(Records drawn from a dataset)
|---|

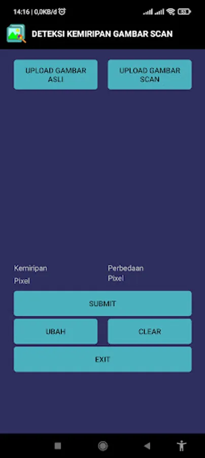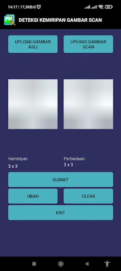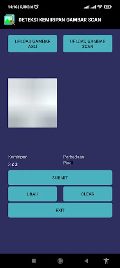 This application is an application that can find and calculate the similarity value between the first image and the second image that we want with the output in the form of a percentage value of similarity and difference from the two images.
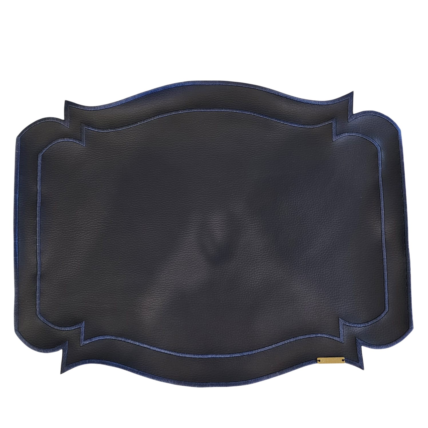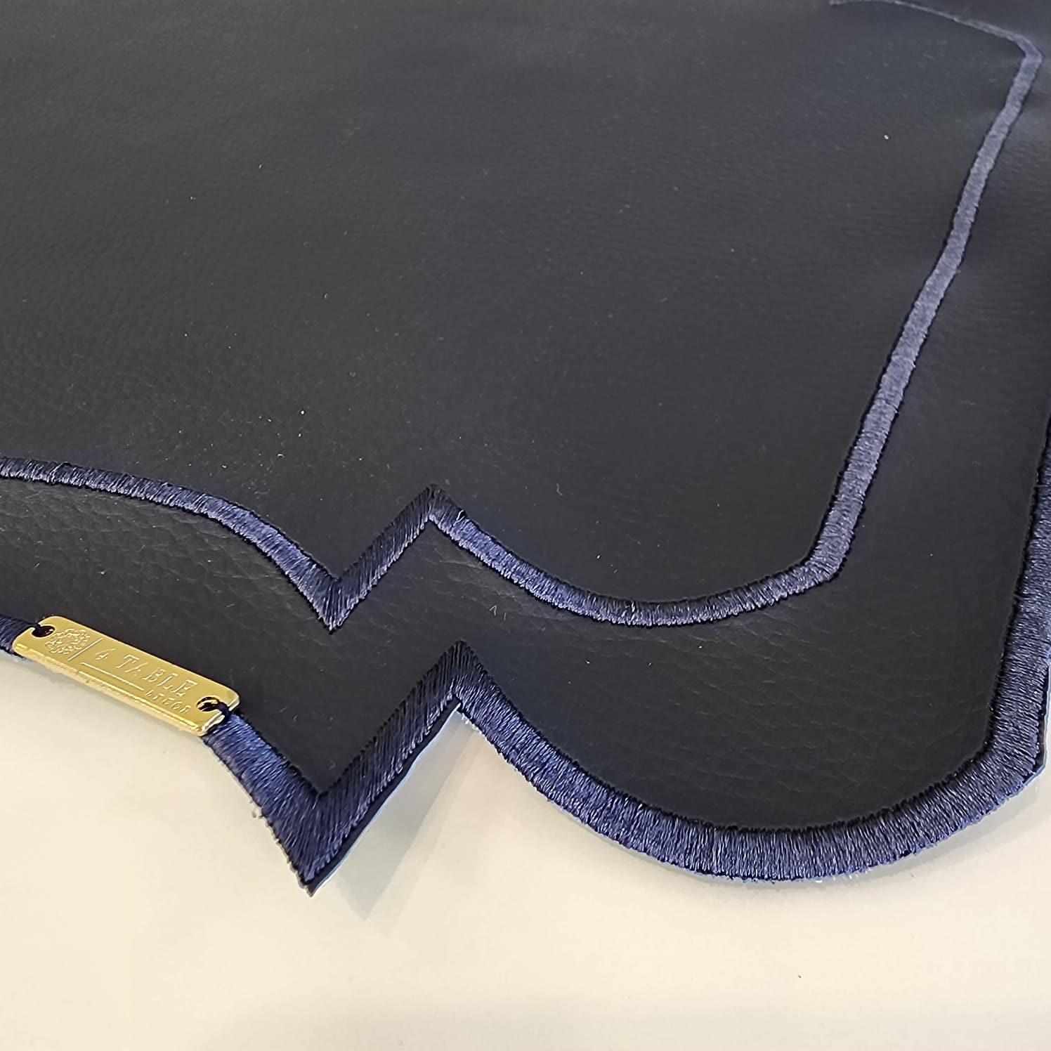 JOGO AMERICANO COM BORDA DESENHADA, AZUL MARINHO, COM BORDADO AZUL MARINHO NO MESMO TOM, UM LUXO!!!
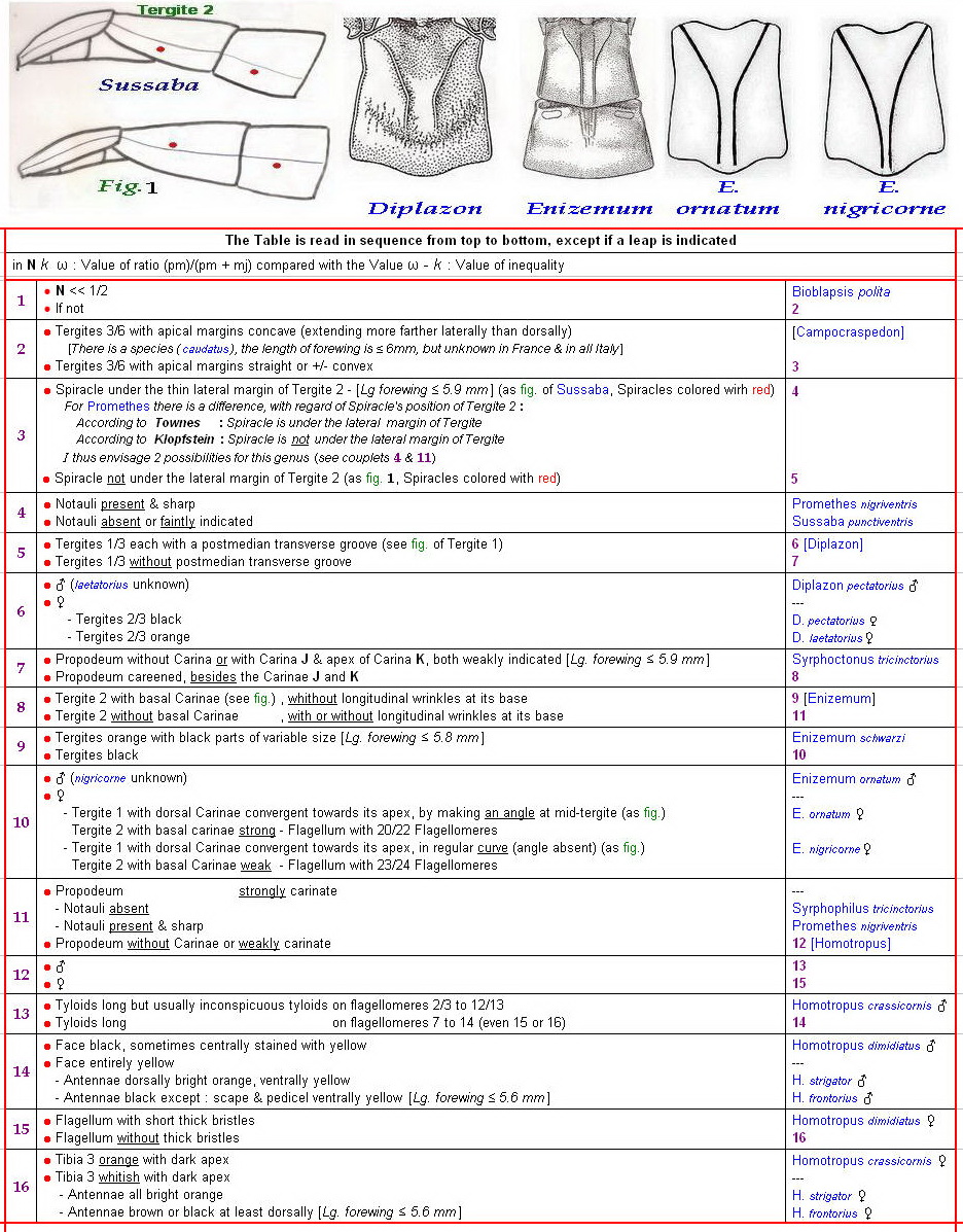 "Adaptation for the ♂ & ♀ (of France and Italy) of the subFamilies's Key ..."
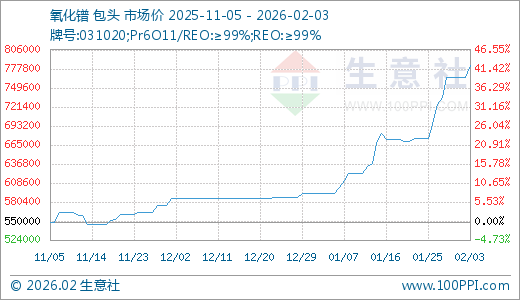 02月03日氧化镨782500.00万元/吨 10天上涨15.93%
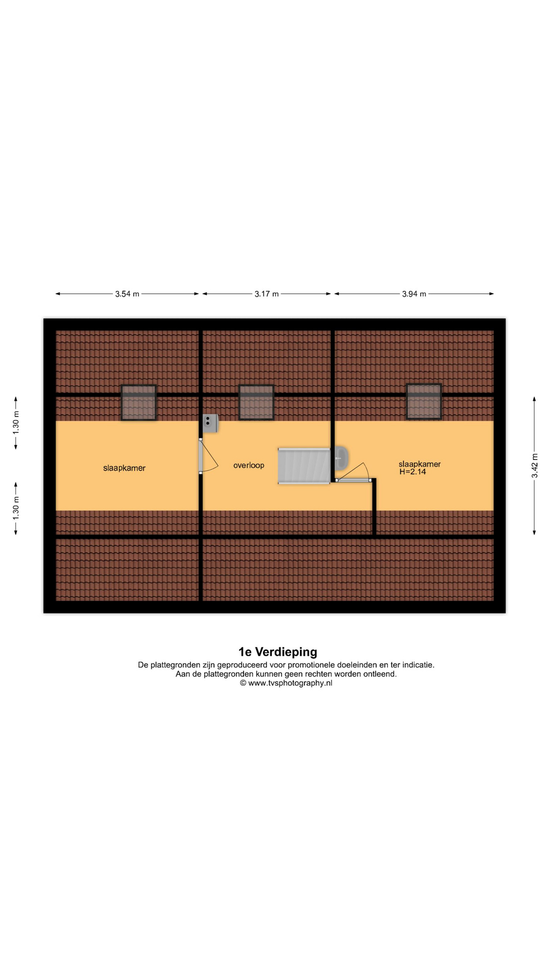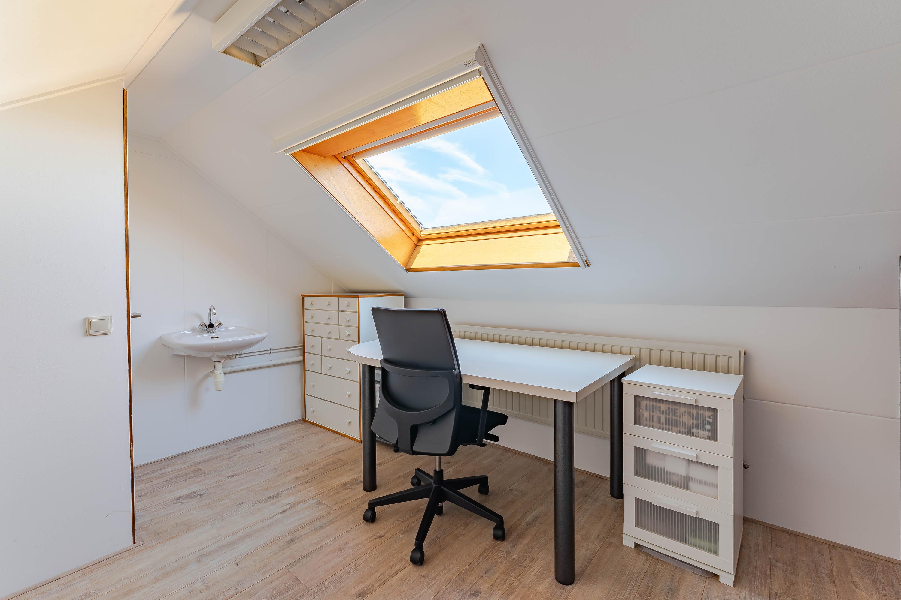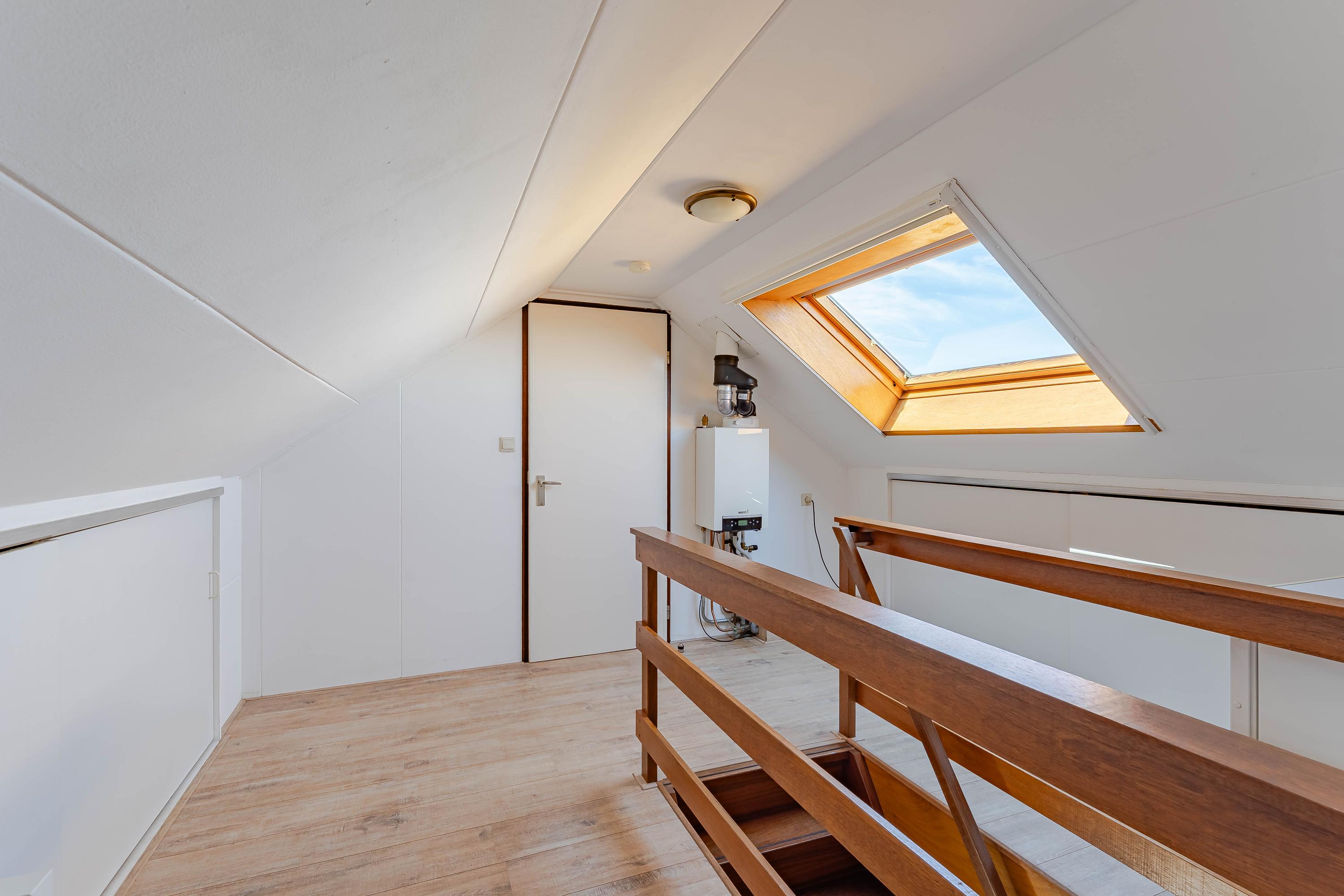 Op de eerste verdieping biedt de ruime overloop voldoende opbergruimte, verder is hier de CV-ketel (Nefit uit 2009) opgesteld. Er zijn twee slaapkamers, beiden voorzien van een groot dakraam; één daarvan beschikt ook over een wastafel.

|---|

● ABOUT THIS TASK
Within the entries above, the lines from the one containing "JOGO AMERICANO COM" through the one containing "02月03日氧化镨782500.00万元/吨 10天上涨15.93%" are to be transcribed exactly, ends included, pictures excluded.

● ANSWER FOR THE TASK
 JOGO AMERICANO COM BORDA DESENHADA, AZUL MARINHO, COM BORDADO AZUL MARINHO NO MESMO TOM, UM LUXO!!!
 "Adaptation for the ♂ & ♀ (of France and Italy) of the subFamilies's Key ..."
 02月03日氧化镨782500.00万元/吨 10天上涨15.93%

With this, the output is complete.